Eysseric, altra partita da Chi l’ha visto. E che tristezza il paragone con Ilicic

Eysseric, altra partita da Chi l’ha visto. E che tristezza il paragone con Ilicic

Pioli ha dato fiducia ad Eysseric contro il Cagliari, ma il francese è stato protagonista di un’altra prestazione anonima…

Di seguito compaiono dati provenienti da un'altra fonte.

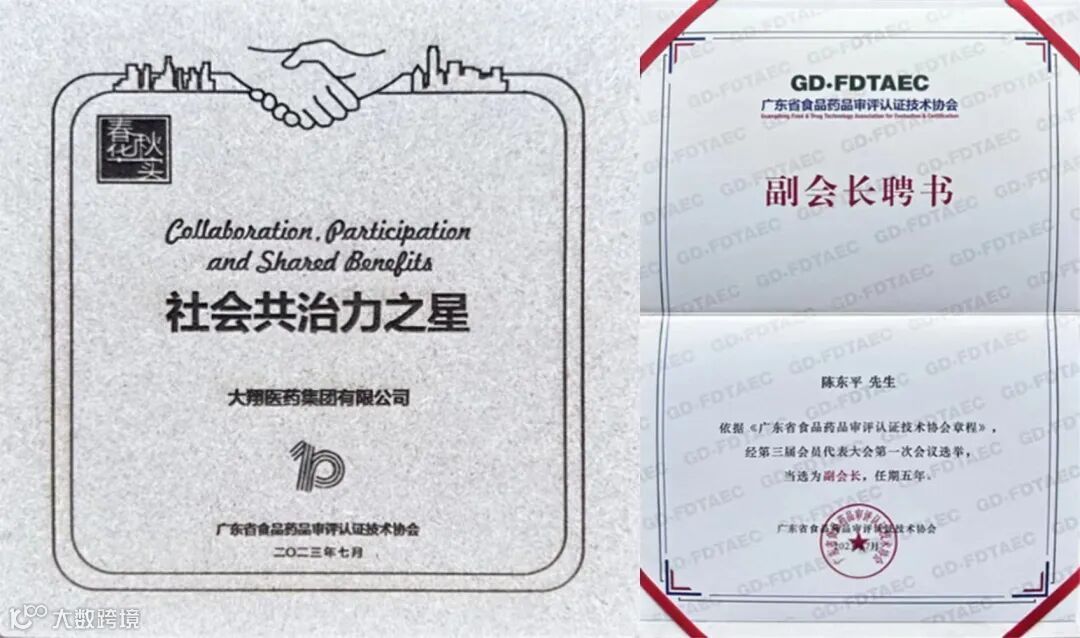 由广东省食品药品审评认证技术协会常务副会长兼秘书长杨田亲自到大翔集团来向集团董事长陈东平先生颁发“任广东省食品药品审评认证技术协会副会长”聘书,向大翔医药集团有限公司颁发了协会成立十年庆典评为“社会共治力之星”荣誉奖牌。
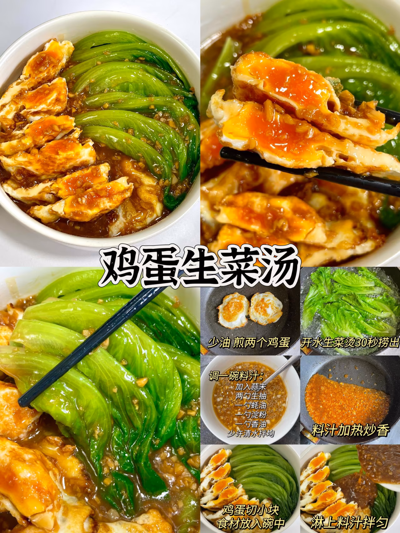 ✅第三款:雞蛋生菜湯 準備食材:生菜、雞蛋、蒜末 配料:生抽、蚝油、澱粉、香油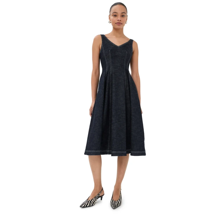 마르니(Marni) 브랜드의 블루와 블랙 색상 조합이 특징인 미디 기장 드레스입니다. 36 사이즈로 제작되었으며, 일상적인 착용에 적합한 디자인을 갖추고 있습니다.

di Stefano Niccoli, @stefanoniccoli3

Premessa: la sconfitta della Fiorentina contro il Cagliari non è da ricondurre solo alla prestazione negativa di Eysseric. Tutti hanno giocato male. Solo Chiesa, autore di un bel cross ad inizio partita e di un tiro mancino nella ripresa, ha strappato qualche sufficienza.

Torniamo al francese. Pioli lo aveva visto bene in settimana. Non a caso le indicazioni del campo lo davano in vantaggio su Saponara. Impressioni confermate ieri: dentro l’ex Nizza, fuori Ricky. Un’altra chance che, però, Valentin ha tristemente fallito. Non è la prima volta, purtroppo, che sottolineiamo una prova sottotono del transalpino.

Il tecnico e i tifosi speravano che il gol segnato al Genoa potesse essere la svolta nella stagione di Eysseric, una sorta di sveglia dopo mesi colpevolmente anonimi. Così non è stato. Anche contro il Cagliari nessun colpo, nessuna invenzione. Non a caso nell’intervallo è arrivata la sostituzione. Al Franchi è andata in onda un’altra puntata di “Chi l’ha visto?”. Il classe 1992 resta un oggetto misterioso. Aspettato a gloria la scorsa estate, difficilmente farà parte della Fiorentina 2018-19.

 

E intanto in alcuni tifosi aumenta il rammarico di aver perso il predecessore di Eysseric, quell’Ilicic che tanto bene sta facendo all’Atalanta. Se ieri i nerazzurri hanno conquistato un punto d’oro contro il Milan, una parte del merito è da attribuire proprio allo sloveno, autore di un cross col contagiri per Masiello.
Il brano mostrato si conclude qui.